My first impression of Williams Hall was that it was the building that none of my friends knew the location of, until I pointed it out on our Walmart run, waiting at the bus stop across the street. Its proximity was the sore thumb in my schedule.
Yet, I liked coming early to my classes. Sitting at the tables near the entrance, my attention was split between my laptop and the TVs playing old short films and broadcasts. It was an archive reduced to white noise to anyone who has been in the building long enough, but guaranteed Williams was never quiet.
Williams Hall had a rich history as a former radio station — WMUB FM — which was the bridge between college radio hosts and Cincinnati.

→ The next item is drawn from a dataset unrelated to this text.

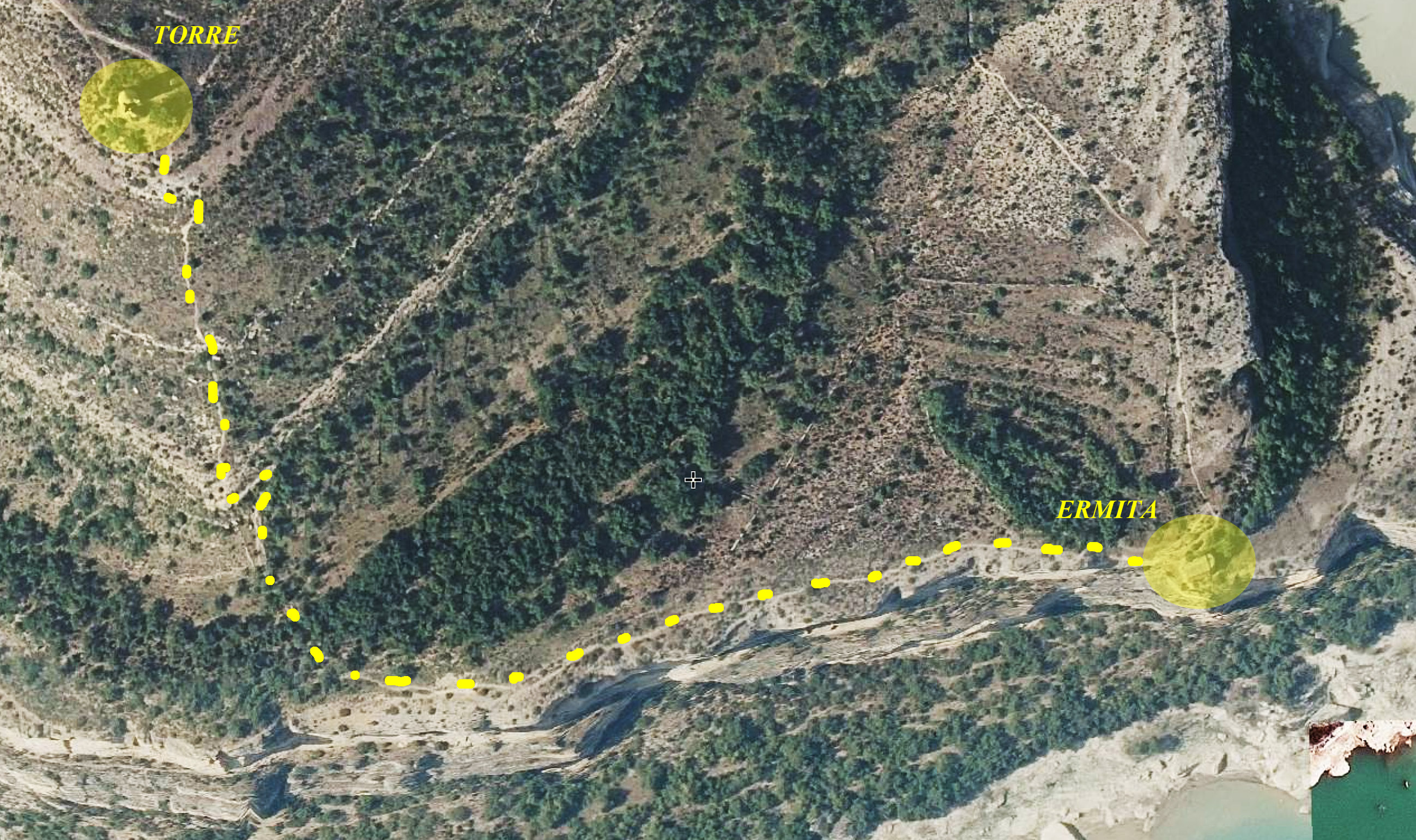 No lejos de la ermita, a una cota más baja y cerca del depósito de agua, se observan lo que pudieran ser los restos de una torre vigía.

Kathleen Kollman, a visiting assistant professor who specializes in media representation, says she loved tuning into Mama Jazz, a regionally famous DJ.
“Having lived in the Miami Valley most of my life, I actually remember listening to Mama Jazz’s show in the late 1990s,” Kollman said.
This last semester at Williams is her last at Miami, adding to the bittersweetness. Ron Becker, professor of media and communication, said WMUB was still active on the second floor when he came to Miami in 2004.
Comparisons between Williams and Bachelor Hall were inevitable. Bachelor is much larger and freshly renovated, but also completely empty. When I took a tour of the building, my peers were awed at state-of-the-art equipment and gaping open space, I couldn’t help but notice it was completely bare of any sort of history.
Andrew Peck, associate professor of strategic communication, had a similar feeling.
“There’s a way in which [Williams] feels lived in; it has this sense of tradition to it, even if you don’t know the traditions specifically,” Peck said. “I’m sure Bachelor will develop its own over time, but it’s an adjustment.”
I sat in Peck’s sparse office, already emptied in anticipation of the move, as he tried to explain his stories of thin walls and bee infestations.
“It’s about twice as big as my office is going to be in Bachelor,” Peck said.
Williams is not a massive building, but it is one of the few that is designated for one department. As a result, a sort of camaraderie developed in the small space among students and faculty alike.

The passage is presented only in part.